- Exercise requirements: To complete this task, print all the data below exactly but leave out the images.

(Extracted records)
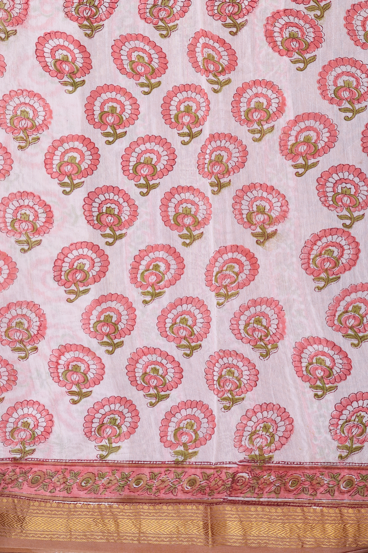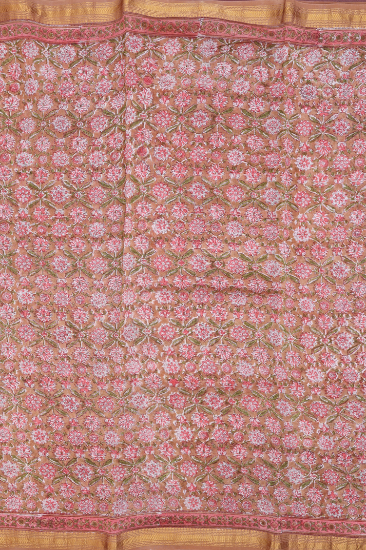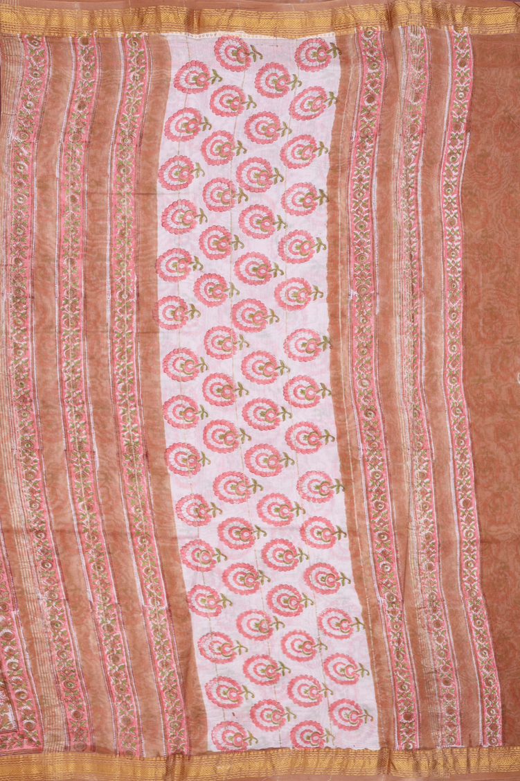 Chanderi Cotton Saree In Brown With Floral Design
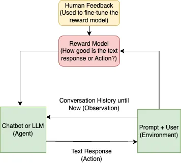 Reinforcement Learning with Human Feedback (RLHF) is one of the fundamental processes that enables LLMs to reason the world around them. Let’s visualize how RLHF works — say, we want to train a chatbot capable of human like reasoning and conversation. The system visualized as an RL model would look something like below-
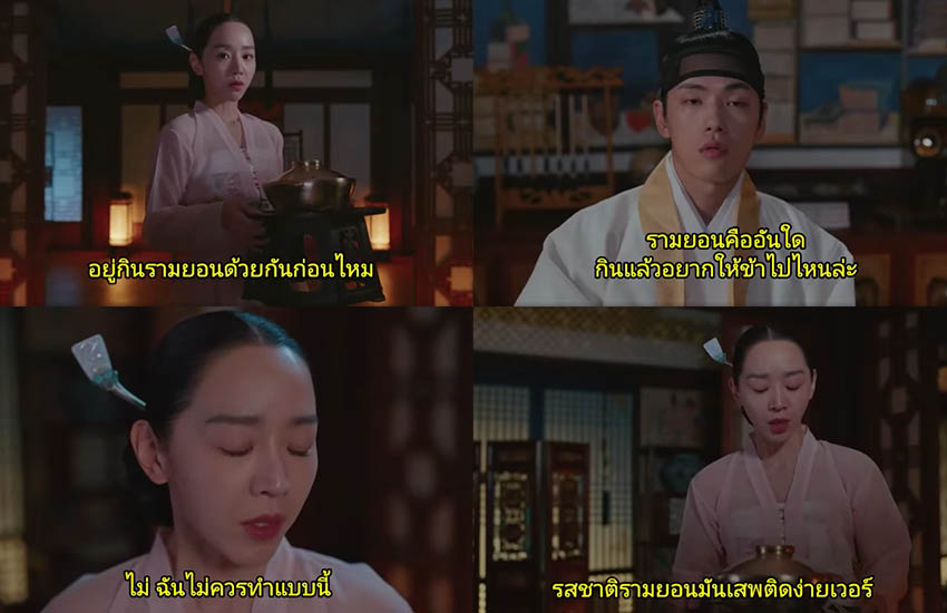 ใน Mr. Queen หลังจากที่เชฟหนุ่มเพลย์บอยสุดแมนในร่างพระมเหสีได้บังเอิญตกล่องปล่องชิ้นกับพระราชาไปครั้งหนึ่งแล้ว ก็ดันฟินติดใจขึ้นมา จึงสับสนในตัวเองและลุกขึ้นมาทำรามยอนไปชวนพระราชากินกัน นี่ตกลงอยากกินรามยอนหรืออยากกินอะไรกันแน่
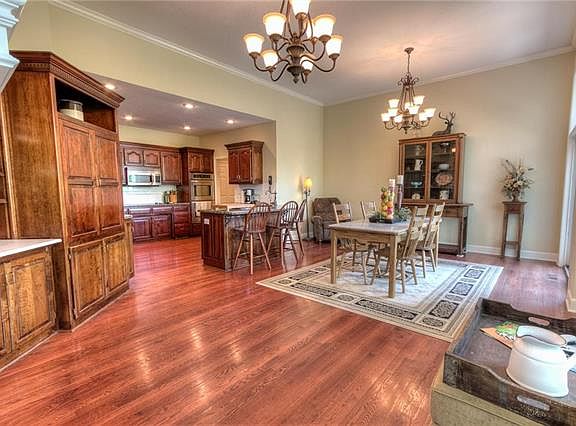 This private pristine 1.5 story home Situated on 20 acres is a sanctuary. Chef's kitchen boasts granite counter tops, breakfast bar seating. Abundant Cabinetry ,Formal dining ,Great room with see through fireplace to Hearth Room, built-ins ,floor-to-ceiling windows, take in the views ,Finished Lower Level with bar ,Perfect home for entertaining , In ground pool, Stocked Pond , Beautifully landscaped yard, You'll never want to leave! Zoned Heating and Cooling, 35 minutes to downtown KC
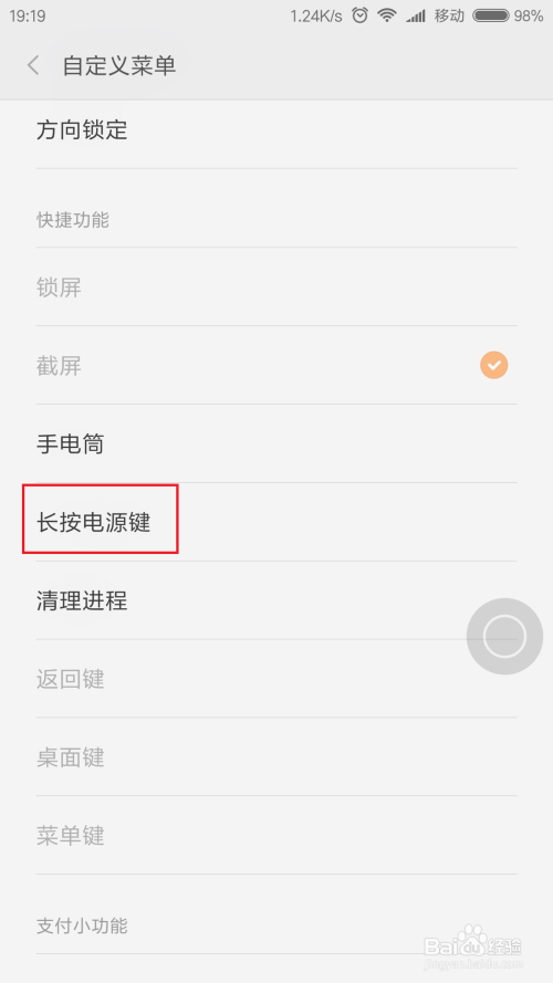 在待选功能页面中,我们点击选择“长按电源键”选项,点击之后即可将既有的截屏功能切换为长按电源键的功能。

- Answer to this exercise:
 Chanderi Cotton Saree In Brown With Floral Design
 Reinforcement Learning with Human Feedback (RLHF) is one of the fundamental processes that enables LLMs to reason the world around them. Let’s visualize how RLHF works — say, we want to train a chatbot capable of human like reasoning and conversation. The system visualized as an RL model would look something like below-
 ใน Mr. Queen หลังจากที่เชฟหนุ่มเพลย์บอยสุดแมนในร่างพระมเหสีได้บังเอิญตกล่องปล่องชิ้นกับพระราชาไปครั้งหนึ่งแล้ว ก็ดันฟินติดใจขึ้นมา จึงสับสนในตัวเองและลุกขึ้นมาทำรามยอนไปชวนพระราชากินกัน นี่ตกลงอยากกินรามยอนหรืออยากกินอะไรกันแน่
 This private pristine 1.5 story home Situated on 20 acres is a sanctuary. Chef's kitchen boasts granite counter tops, breakfast bar seating. Abundant Cabinetry ,Formal dining ,Great room with see through fireplace to Hearth Room, built-ins ,floor-to-ceiling windows, take in the views ,Finished Lower Level with bar ,Perfect home for entertaining , In ground pool, Stocked Pond , Beautifully landscaped yard, You'll never want to leave! Zoned Heating and Cooling, 35 minutes to downtown KC
 在待选功能页面中,我们点击选择“长按电源键”选项,点击之后即可将既有的截屏功能切换为长按电源键的功能。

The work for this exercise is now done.